Yesterday I was talking about qualities of a devotee as they were described by Kṛṣṇa in His reply to Uddhava. They are spread over four ślokas (SB 11.11.29-32) and I finished only one, seven features out of twenty-eight in total. When I looked at the same list today, however, nothing stood out of the ordinary and so I am kind of disappointed. Let’s see if I can still find something inspirational there.
Next quality, after endeavoring for the welfare of others, is freedom from desires, kāmair ahata-dhī. Exact translation is intelligence undisturbed by kāma. It’s a great one but not specifically devotional, all transcendentalists must have it to be called transcendentalists.
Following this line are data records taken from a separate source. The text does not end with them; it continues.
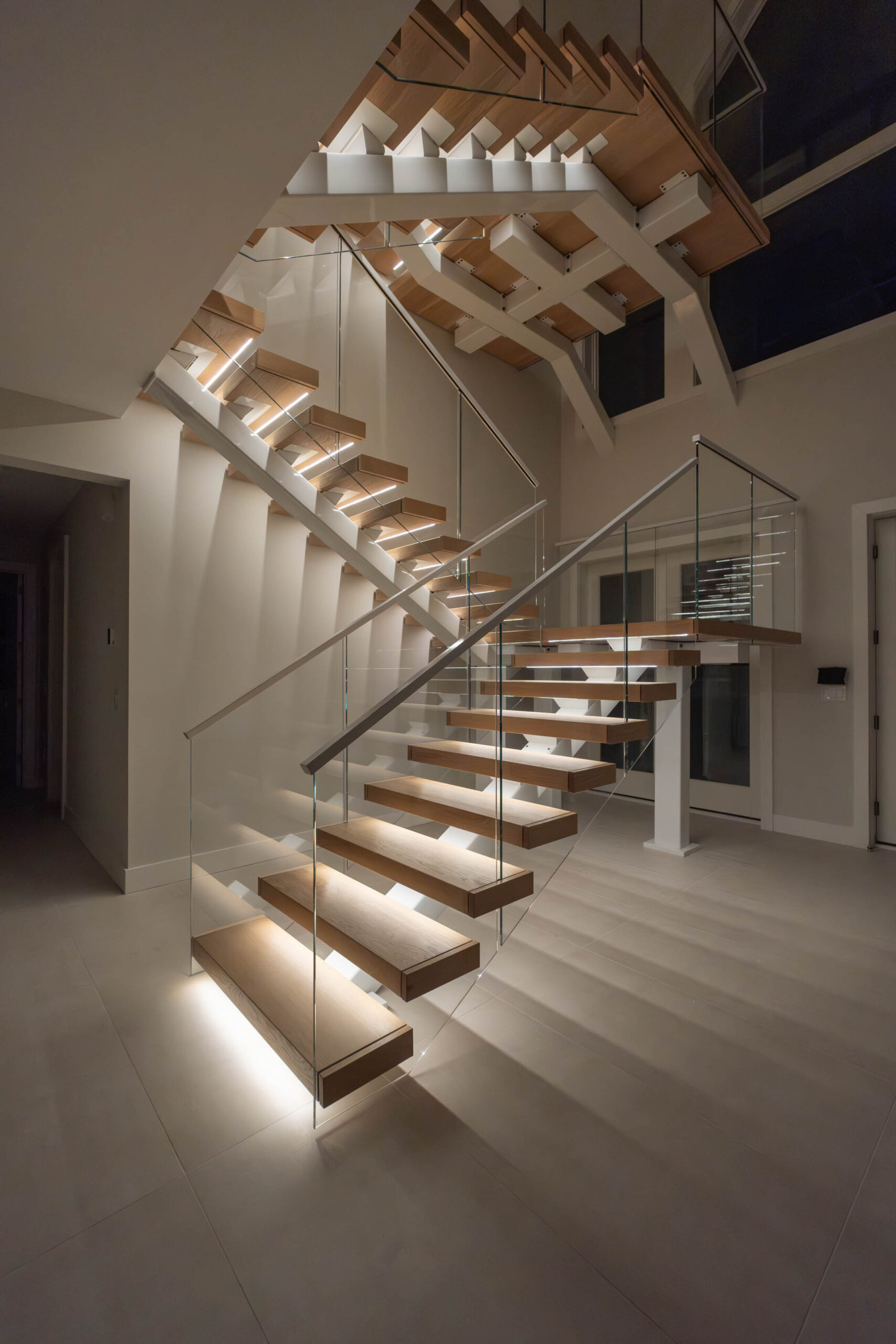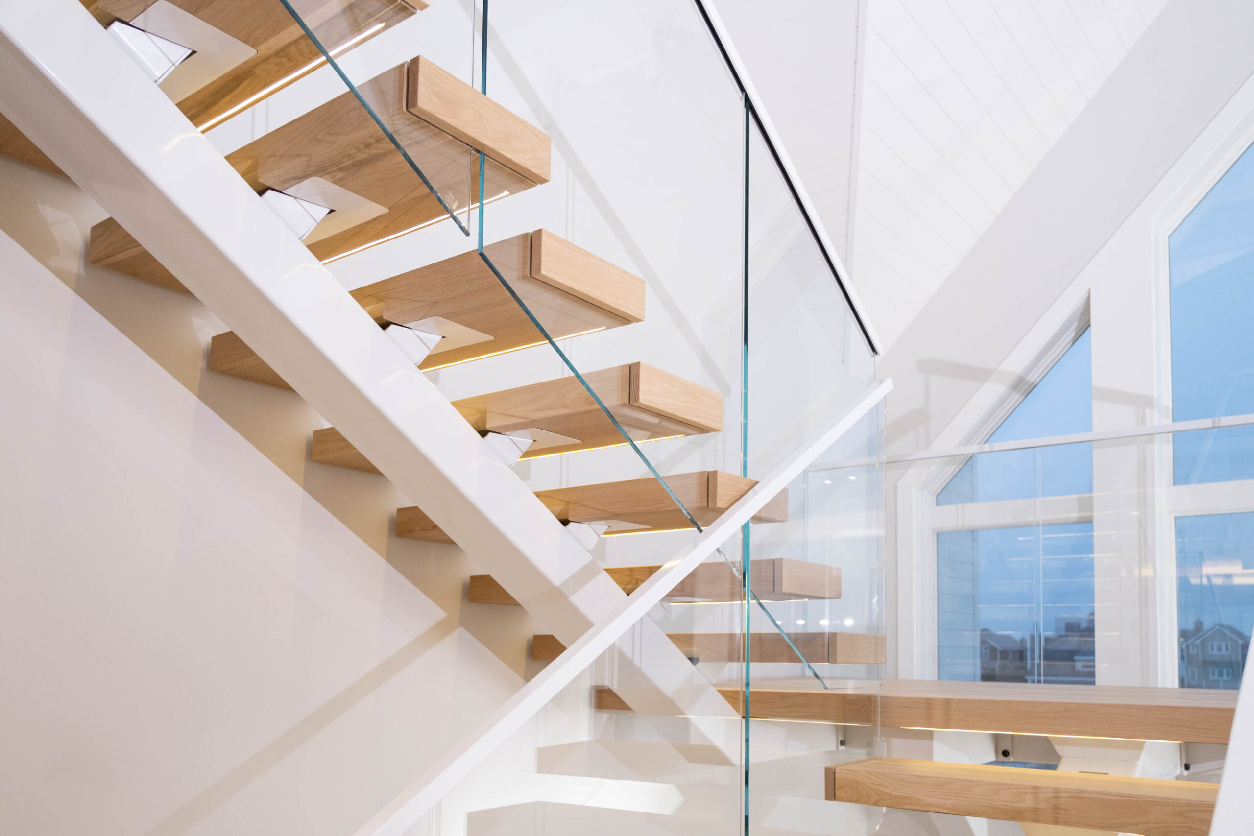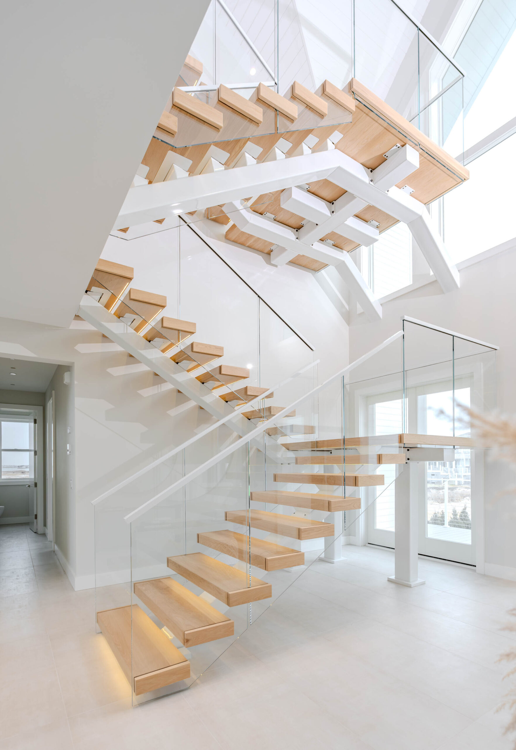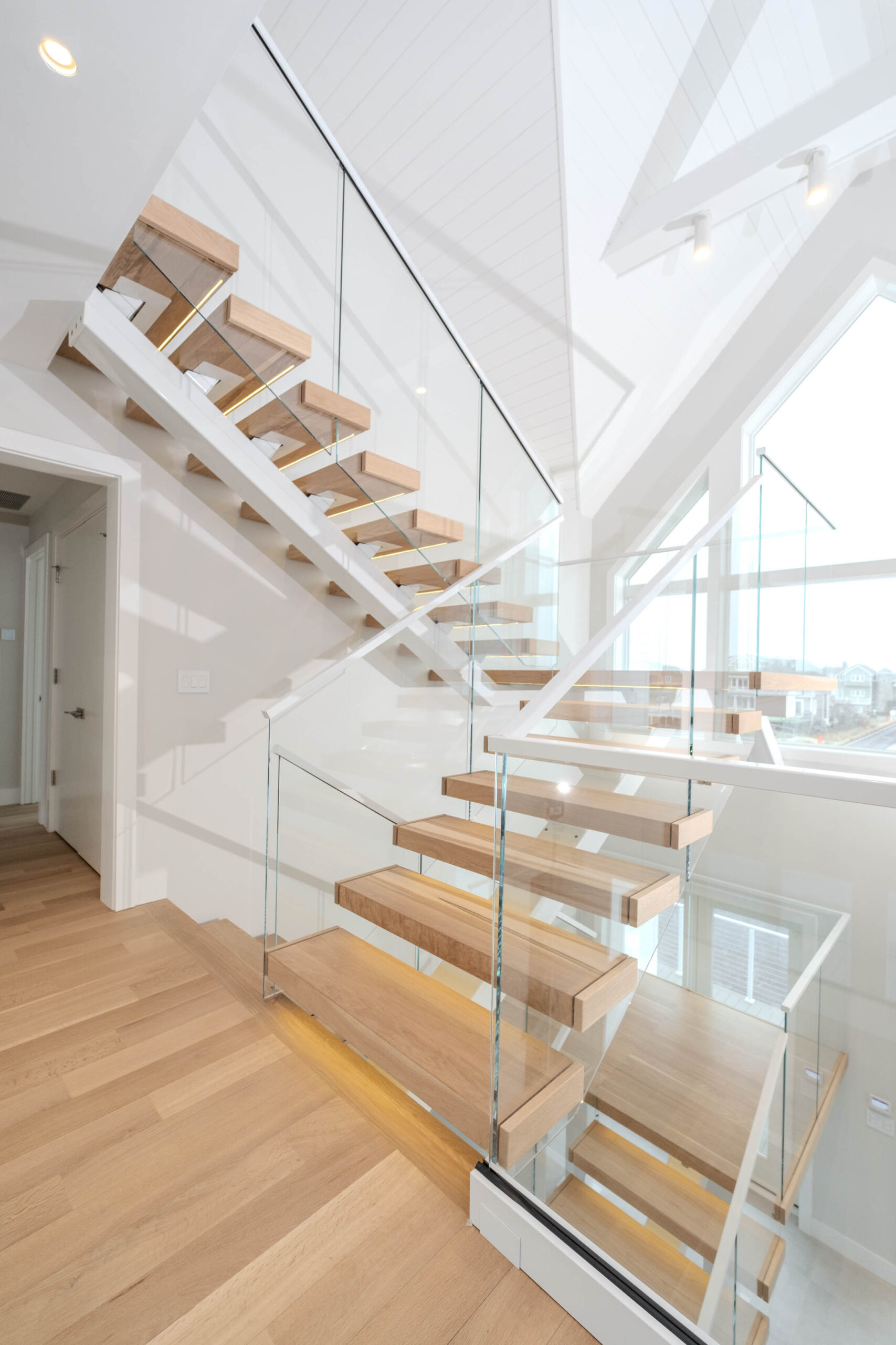 A double switchback rises from the entry to the third floor, preserving a spacious, light-filled interior. The Bright White stringer pairs with clearcoat White Oak treads and LED accents to evoke hygge, while the glass railing keeps the architecture elevated and inviting.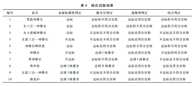 表面抗?jié)裥?、靜水壓和透濕率綜合統(tǒng)計(jì)的測試結(jié)果見表6。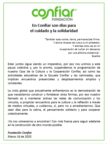 En Confiar nos unimos a las medidas adoptadas por el Gobierno Nacional en consonancia con las recomendaciones de la Organización Mundial de la Salud (OMS),…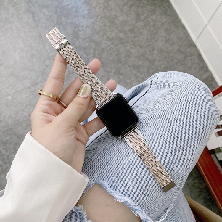 Correa de Reloj de Acero Tres Líneas para Apple Watch Ultra 49mm Serie 8 7 45mm SE 2 6 5 4 3 2 1 42mm (Oro Rosa Plateado)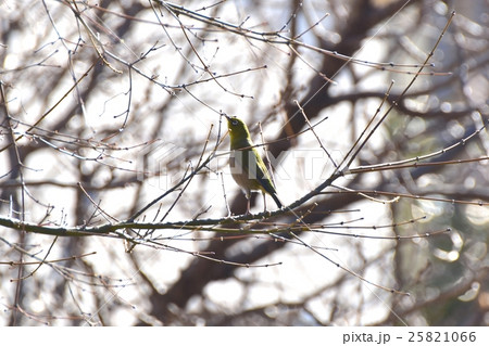 東京都三鷹市の野鳥、木の芽をつまむ早春のメジロ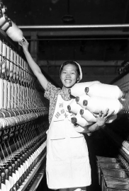 趙夢桃是原西北國棉一廠細(xì)紗擋車工,連續(xù)42次被評(píng)為各級(jí)先進(jìn)生產(chǎn)者,兩次被授予全國勞動(dòng)模范稱號(hào),還被選為黨的八大代表,是全國紡織戰(zhàn)線的一面旗幟。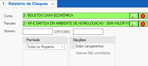 Na tela de relatórios de cheque, ao preencher com as informações precisas para o relatório, ficará dessa forma. No caso de exemplo foi marcada opção de exibir os lançamentos.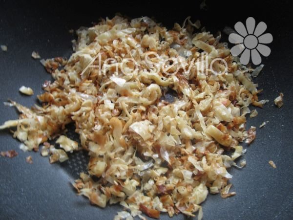 2- En una sartén, fundir la mantequilla y sofreír la masa filo cortada en tiritas como espaguetis hasta que tome color y quede crujiente. Reservar en un bol amplio.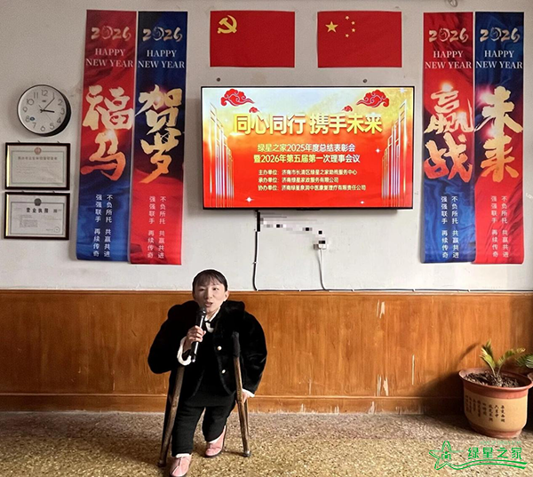 理事长齐乾坤作年度总结报告。他详细阐述了2025年机构在残疾人服务、社区养老、弱势群体帮扶等领域的成果,并提出2026年发展规划:“我们将持续深入学习‘十五五’规划精神,把‘人民至上’内化于心、外化于行,在齐鲁大地谱写残健融合、老有所安、弱有所扶的和谐新篇章。”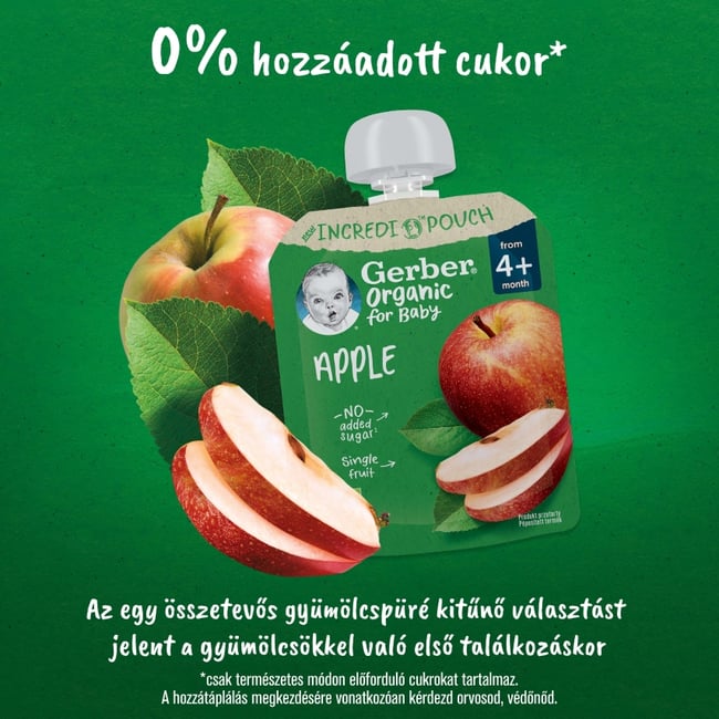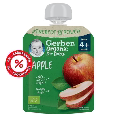 Gerber Organic bio egy összetevős gyümölcspüréi ideálisak a hozzátáplálás kezdeti szakaszában a tízórai vagy uzsonna kiegészítésére.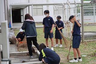 1年生は来賓控室や廊下、トイレ、屋外の清掃を行いました。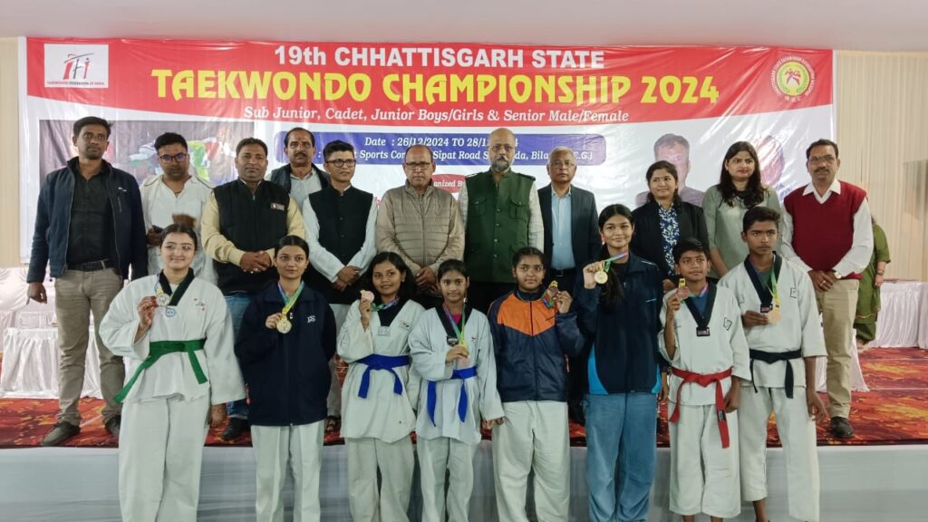 19 वी छत्तीसगढ़ राज्य स्तरीय ताइक्वांडो प्रतियोगिता के पदक वितरण समारोह सम्पन्न,140 खिलाड़ियों को पदक दिया गया।
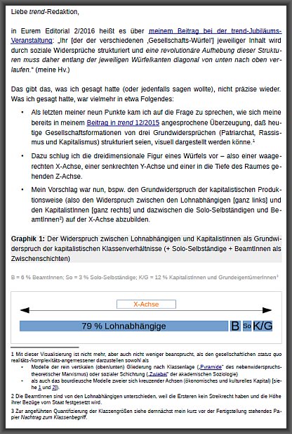 in Eurem Editorial 2/2016 heißt es über meinen Beitrag bei der trend-Jubiläums-Veranstaltung: „Ihr [der der verschiedenen ‚Gesellschafts-Würfel’] jeweiliger Inhalt wird durch soziale Widersprüche strukturiert und eine revolutionäre Aufhebung dieser Strukturen muss daher entlang der jeweiligen Würfelkanten diagonal von unten nach oben verlaufen.“ (meine Hv.)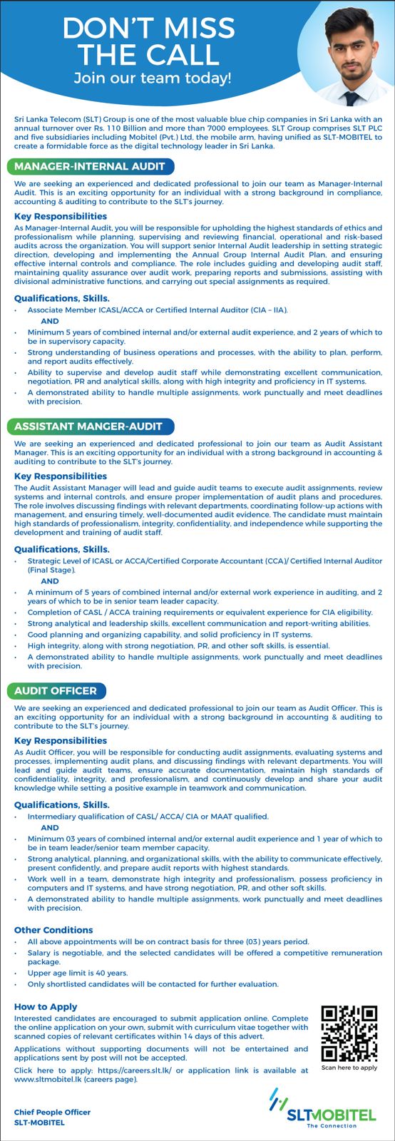 Manager, Assistant Manager, Audit Officer - Sri Lanka Telecom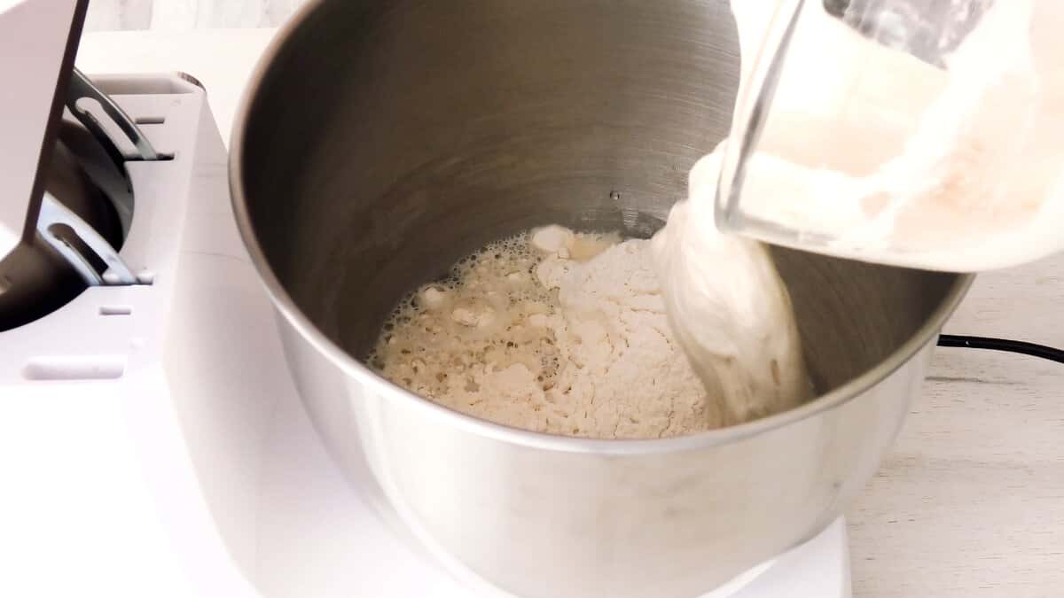 У чашу міксера викласти борошно, влити воду і відміряти 200 гр готової опари. На першій швидкості замісити тісто близько 1-2 хвилин до зволоження борошна.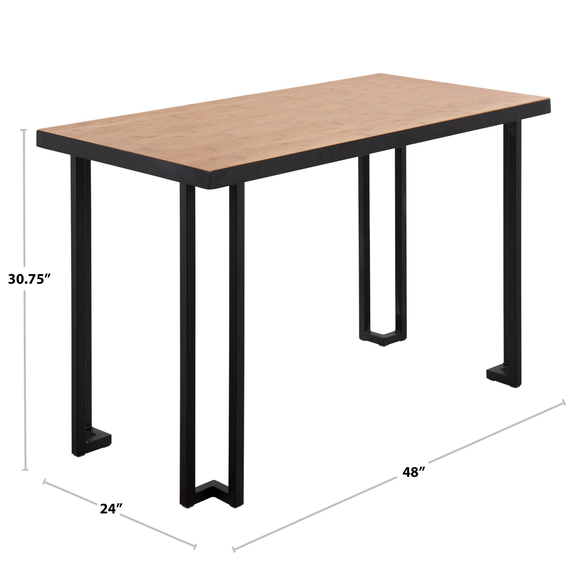 This desk blends sturdy metal with warm wood for a cool look. It’s a modern take on industrial style, perfect for your home office. The angular metal frame makes a statement. A bamboo wood top adds a touch of nature. This desk is just the right size for smaller spaces. Some assembly is needed. Product Specs: 24″L × 48″W × 30.75″H. Color: Black Steel, Natural Wood. Material: Painted Steel, Wood. You can even put your feet under it, because it has Floor To Apron: 29.25″. It can hold up to 100 lbs.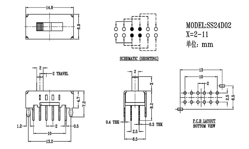 撥動開關主要技術參數/Slide Switch Main data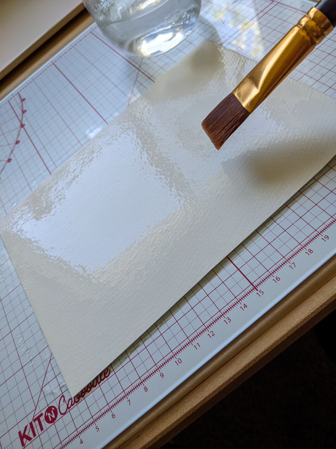 When wetting the page with a paintbrush or spray bottle, it’s important to wet both sides of the page. I like to start with the back of the page first, then flip it over and wet the front part on the surface onto which I’ll secure the page in the next step. I do it this way so I don’t have to handle the paper too much while it’s wet.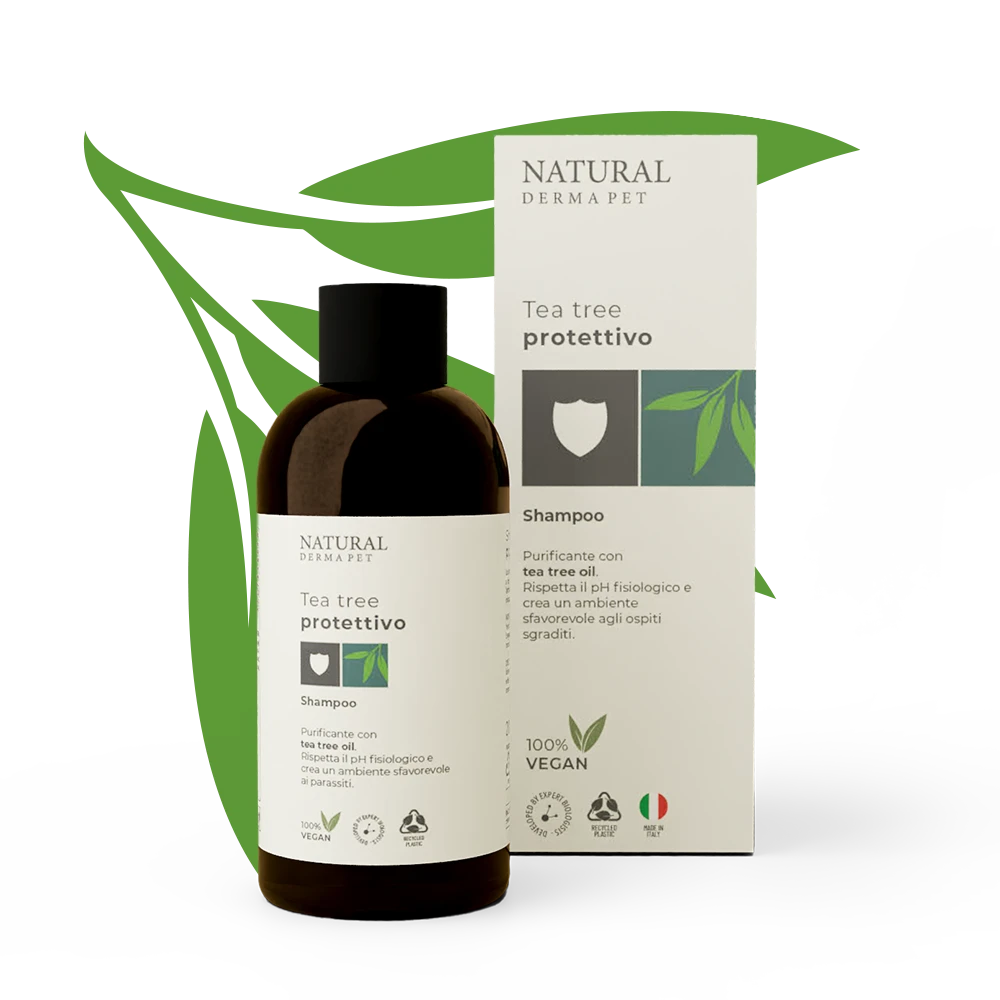 The Tea Tree Oil, essential oil with well-known properties purifying and protective, contributes to creating an unfavorable environment for the settlement of parasites, leaving the fur soft, shiny and healthy. Formula without parabens, silicones and colorants, also ideal for frequent washing.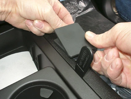 Press the thin end of the enclosed gap opener into the gap between center console and the console edge, to widen the gap. Place your index fingers under the ProClip and pull upwards and hook the angled egde over the console edge and into the gap next to the gap opener. Pull out the gap opener.

In the purport explanation of this quality is the longest of all, and probably for a good reason because this point is deeper than it looks at first.
I think it’s been years since I discovered that problem with controlling our minds is actually a problem with our intelligence. It’s not that our minds are exceptionally strong, it’s that our intelligence is weak and inadequate. Of course Kali Yuga acts both ways – we have more desires and we have less intelligence, but the mind doesn’t have a mind of its own, it just registers attraction between senses and sense organs. It’s very simple in that way and it is said that it is originally born out of mode of goodness, hence the simplicity.
We should give it to our minds – they are not duplicitous, they aver very upfront about what they want, our only misfortune is that they want all the wrong things. Why? It has been explained in this purport – “the Supreme Lord supplies the desired fuel that causes the fire of lust to burn painfully in one’s heart,..” We come here to enjoy and the Lord dutifully provides.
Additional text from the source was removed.